Data Engineering Coding Challenge Solution 👩‍💻

Welcome to my solution for the Data Engineering coding challenge! This repository, hosted by brunocaracini, contains a comprehensive solution that covers API and SQL sections along with a bonus track for Cloud, Testing, and Containers. Let's dive in! 🚀

Table of Contents 📑

Challenge Description & Considerations
Resolution
- Technology Stack
- Assumptions for the Resolution
API & Server
Database
- PostgreSQL
- Object Relational Mapping - SQLAlchemy
Bonus Track

Challenge Description & Considerations

This challenge is divided into several sections, and you can choose which sections to solve based on your experience and available time. Below, you'll find the requirements for each section.

Section 1: API

In this section, you will create a local REST API for a database migration with three different tables: departments, jobs, and employees. The API should:

Receive historical data from CSV files.
Upload these files to the new SQL database.
Be able to insert batch transactions (1 up to 1000 rows) with one request.

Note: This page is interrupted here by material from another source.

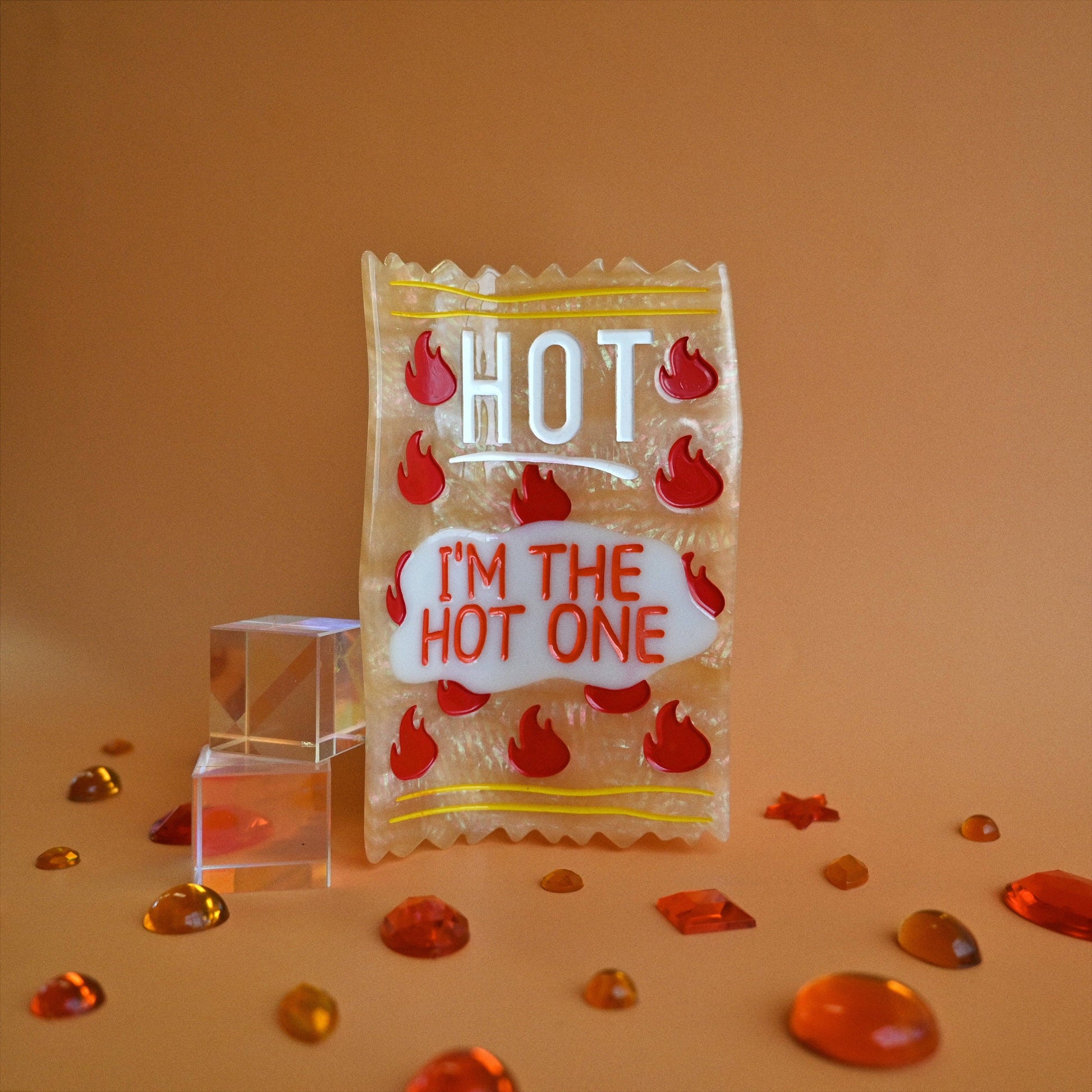 Based in a small home studio, every Tiny Made product is a testament to the brand's dedication to quality and creativity. This clip adds a fun and functional touch to your hair routine. Express yourself boldly and confidently with Tiny Made's Hot Sauce Packet Clip.

You can use any programming language, libraries, and frameworks you prefer. You can also choose a SQL database of your choice. Don't forget to publish your code on GitHub and create a README.md file to document your solution and development process.

Section 2: SQL

In this section, you need to explore the data inserted in the previous section and create specific endpoints for the following requirements:

Requirements

Number of employees hired for each job and department in 2021, divided by quarter. The table must be ordered alphabetically by department and job.

Output example:

department job Q1 Q2 Q3 Q4

Staff Recruiter 3 0 7 11

Staff Manager 2 1 0 2

Supply Chain Manager 0 1 3 0
List of ids, names, and the number of employees hired by each department that hired more employees than the mean of employees hired in 2021 for all the departments. Order the list by the number of employees hired in descending order.

Output example:

id department hired

7 Staff 45

9 Supply Chain 12

Bonus Track! Cloud, Testing & Containers

To make your solution more robust, consider adding the following:

Host your architecture in any public cloud using suitable cloud services.
Add automated tests to the API. You can use any library and different test types if necessary.
Containerize your application by creating a Dockerfile for deployment.

Csv files structures:

hired_employees.csv:
- id INTEGER: Id of the employee
- name STRING: Name and surname of the employee
- datetime STRING: Hire datetime in ISO format
- department_id INTEGER: Id of the department which the employee was hired for
- job_id INTEGER: Id of the job which the employee was hired for
Example:

4535,Marcelo Gonzalez,2021-07-27T16:02:08Z,1,2
4572,Lidia Mendez,2021-07-27T19:04:09Z,1,2
departments.csv:
- id INTEGER: Id of the department
- department STRING: Name of the department
Example:

1, Supply Chain
2, Maintenance
3, Staff
jobs.csv:
- id INTEGER: Id of the job
- job STRING: Name of the job
Example:

1, Recruiter
2, Manager
3, Analyst

Resolution 🌐

Introduction 🌟

This application is a REST API that handles historical data from CSV files and interacts with a SQL database. The API allows for importing CSV data, as well as batch transactions for data insertion.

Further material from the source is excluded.